Minority Report (2002) Based on "The Minority Report."
Paycheck (December 25, 2003) Based on "Paycheck."
A Scanner Darkly (July 7, 2006) Based on "A Scanner Darkly"
Next (April 27, 2007)Based on "The Golden Man"

The titles are often different because the titles of his books were often not even his own, publishers would change them once they'd read the initial draft. dick has been found to say he was never very good at thinking up titles.

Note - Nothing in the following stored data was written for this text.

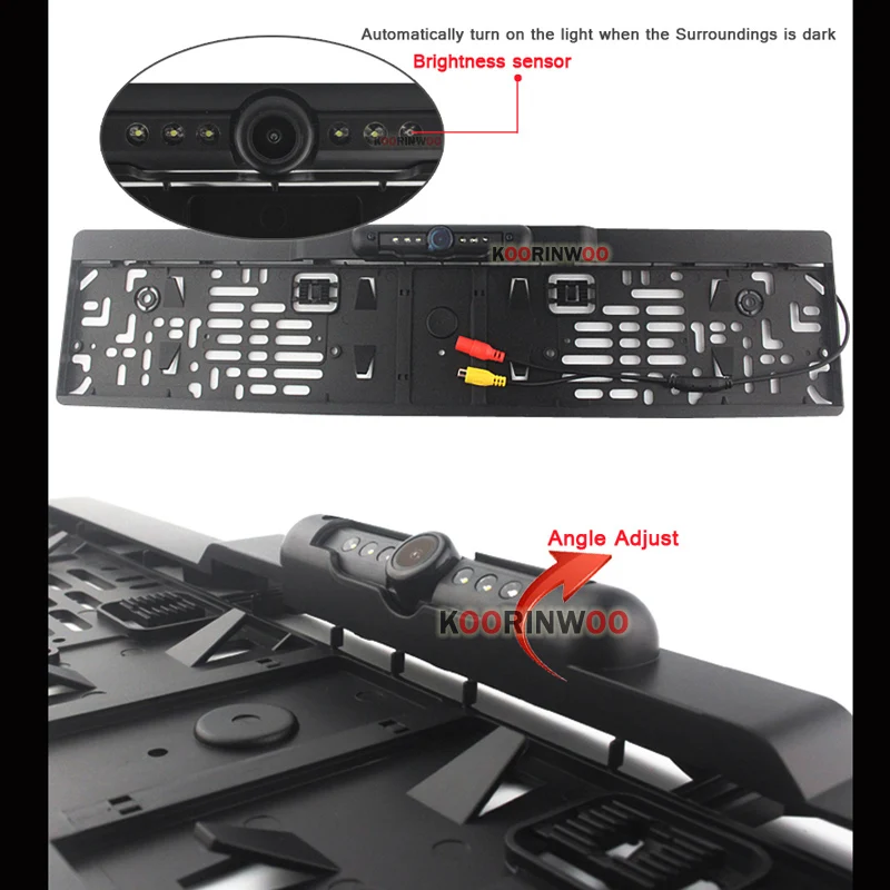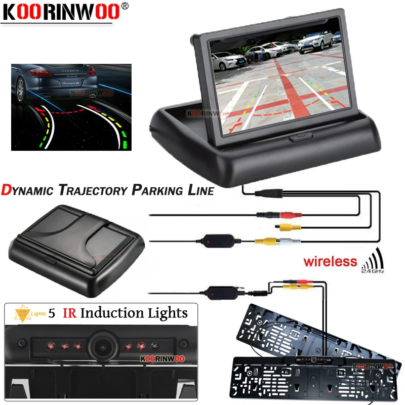 Koorinwoo Беспроводная рамка номерного знака Европейского автомобиля с динамической траекторией и камерой заднего вида
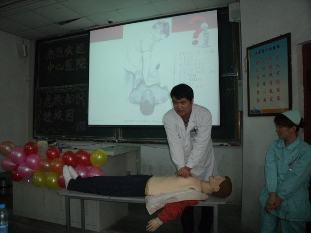 活动开始前,腾伟向同学们介绍了公司和医院良好的合作共建关系,向长期以来定期到医院做义工的BB贝博艾弗森感恩社志愿者表示了感谢,并向他们颁发了“2013年优秀社会志愿者”的证书。讲座中,于波涛医生就如何拨打120、现场第一时间急救的意义、现场急救的基本流程、常见急危症的现场急救、正确处置伤员体位、伤员检伤方法、现场心肺复苏操作技术、创伤四项急救技术(止血、包扎、骨折固定、搬运)、现场就便器材的使用和现场急救的组织实施等方面进行了讲解,带领同学们学习在发生溺水、触电、烫伤烧伤等紧急情况下正确处理的方法。朱秀秀护士现场指导了同学们利用人体模型对心肺复苏操、气管异物清理等。魏莉莉医生结合中医针灸向同学们介绍了中医保健知识。
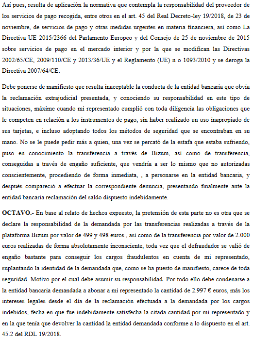 Si todo ello no funciona, sólo quedará acudir al auxilio de los tribunales para tratar de demostrar que el banco no habría cumplido con sus obligaciones de seguridad o al menos no habría implementado las medidas suficientes para evitar este tipo de fraude. Llegado a este punto, habrá de ser el banco quien tenga la carga probatoria sobre este extremo en cuanto a la negligencia del usuario, según lo establecido en la Directiva 2015/2366 de Servicios de Pago y el Real Decreto-Ley 19/2018 de Servicios de Pago.
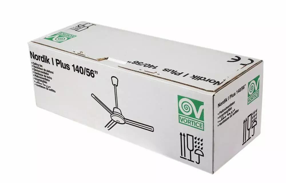 Діаметр лопатей вентилятора Vortice Nordik Inter Plus 140/56 становить 140 сантиметрів. Лопаті виготовлені з листової сталі та можуть бути білого, чорного або сірого кольору. Монтаж вентилятора Vortice Nordik Inter Plus 140/56 здійснюється на стелі та за допомогою спеціального гака. Стельовий вентилятор Vortice Nordik Inter Plus 140/56 постачається з дротовим вимикачем.
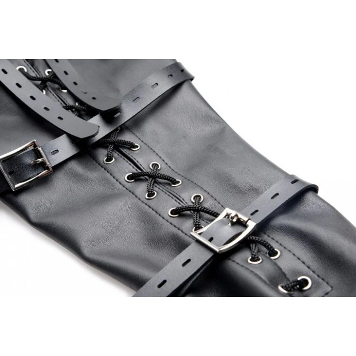 Verdiep de intensiteit van je bondage-spel met een single-glove die je slaaf/slavin hulpeloos zal maken naar jouw wensen! Beperk hun bewegingsvrijheid door hun armen achter hun rug, elk in de monohandschoen te glijden, de veters aan te passen en alle riemen aan te trekken. Afsluitbare gespen geven u de nog meer macht en controle over uw eigendom te versterken. De D-ring aan het uiteinde van de single-glove maakt de bevestiging van gewichten of kettingen of de verbinding met enkelboeien mogelijk. Versterk de sfeer van je volgende scène met een unieke bondage om uw sub nog onderdaniger te maken.
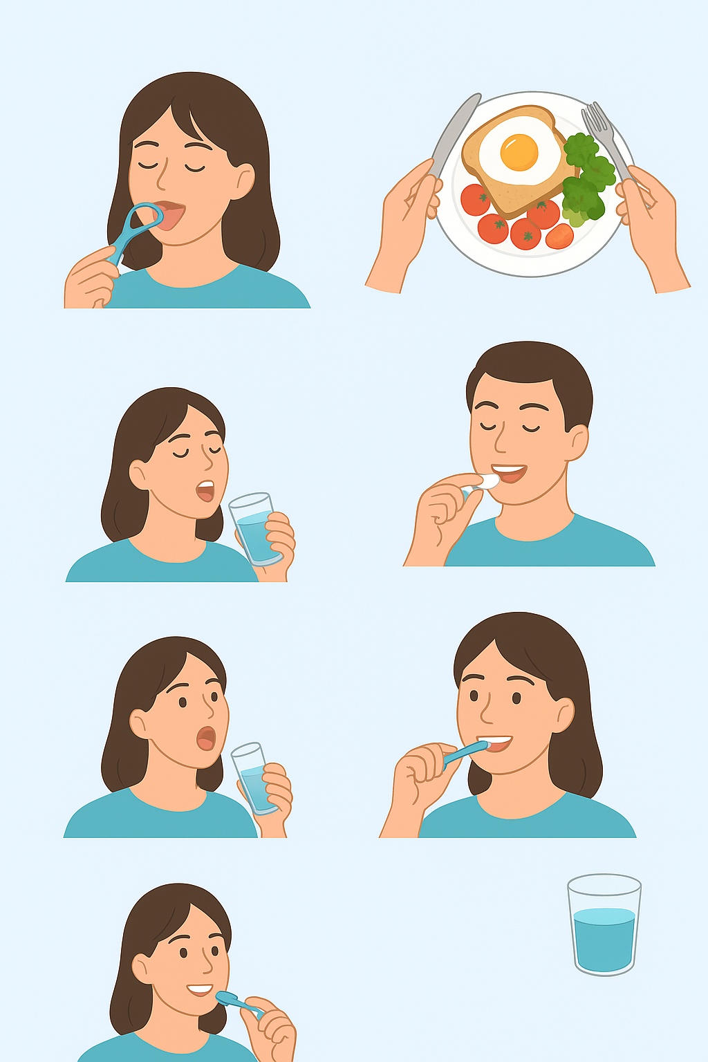Eating healthy breakfast with rough food helps clean the very back of tongue.
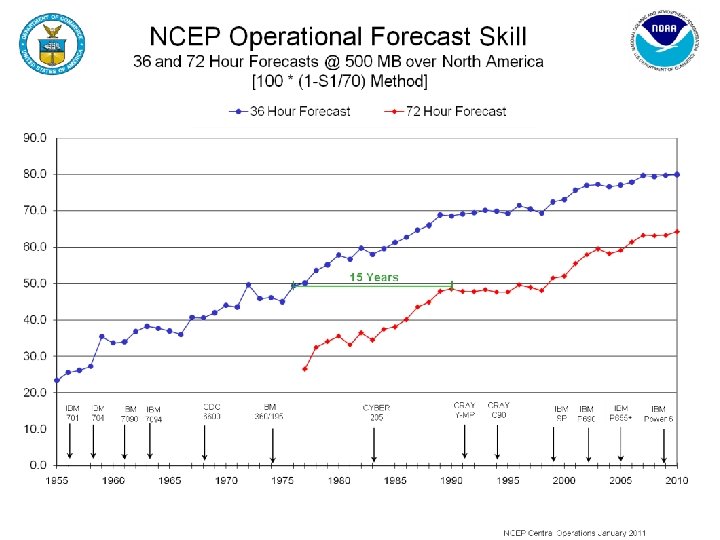 Computing Capability “reliable, timely and accurate” – Declared operational August 12, 2009 – 73. 1 trillion calculations/sec – Factor of 4 increase over the IBM Power 5 – 156 POWER 6 32 -way nodes – 4, 992 processors – 20 terabytes of memory – 330 terabytes of disk space – 3. 5 billion observations/day – 27. 8 million model fields/day • Primary: Gaithersburg, MD • Backup: Fairmont, WV – Guaranteed switchover in 15 minutes – Web access to models as they run on the CCS Number of Hits (Millions) • Transition to IBM Power 6 complete Popularity of NCEP Models Web Page 2001 2002 2003 2004 2005 2006 2007 2008 2009 2010
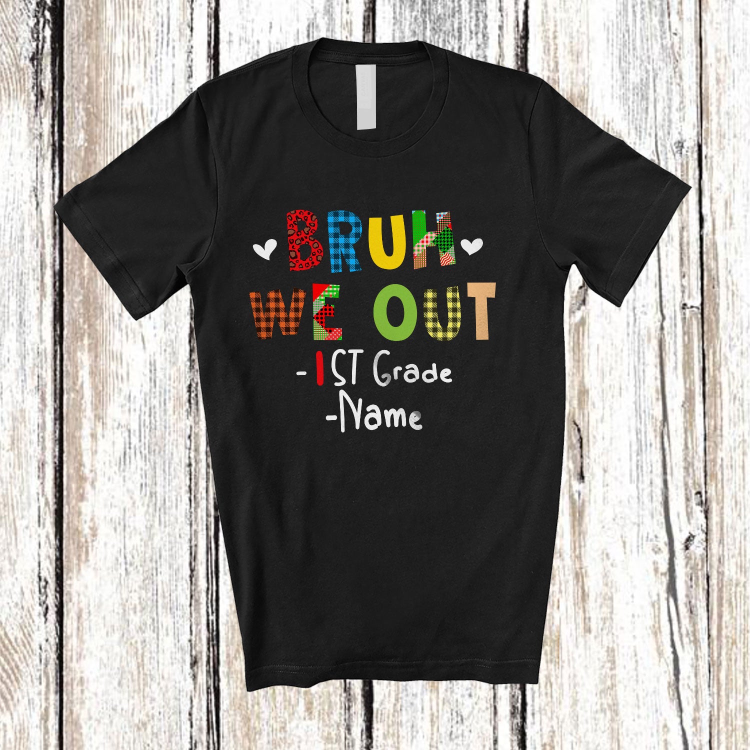 • Personalized We Out 1st Grade; Lovely Last Day Of School Plaid Custom Name Students Teacher T-Shirt. This cotton t-shirt is a durable staple product with a classic fit. One of the most popular items, it has a relaxed style made for everyday and casual wear.

an interesting point made by Baudrillard on Dick's work. "It is hyperreal. It is a universe of simulation, which is something altogether different. And this is so not because Dick speaks specifically of simulacra. SF has always done so, but it has always played upon the double, on artificial replication or imaginary duplication, whereas here the double has disappeared. There is no more double; one is always already in the other world, an other world which is not another, without mirrors or projection or utopias as means for reflection. The simulation is impassable, unsurpassable, checkmated, without exteriority. We can no longer move "through the mirror" to the other side, as we could during the golden age of transcendence"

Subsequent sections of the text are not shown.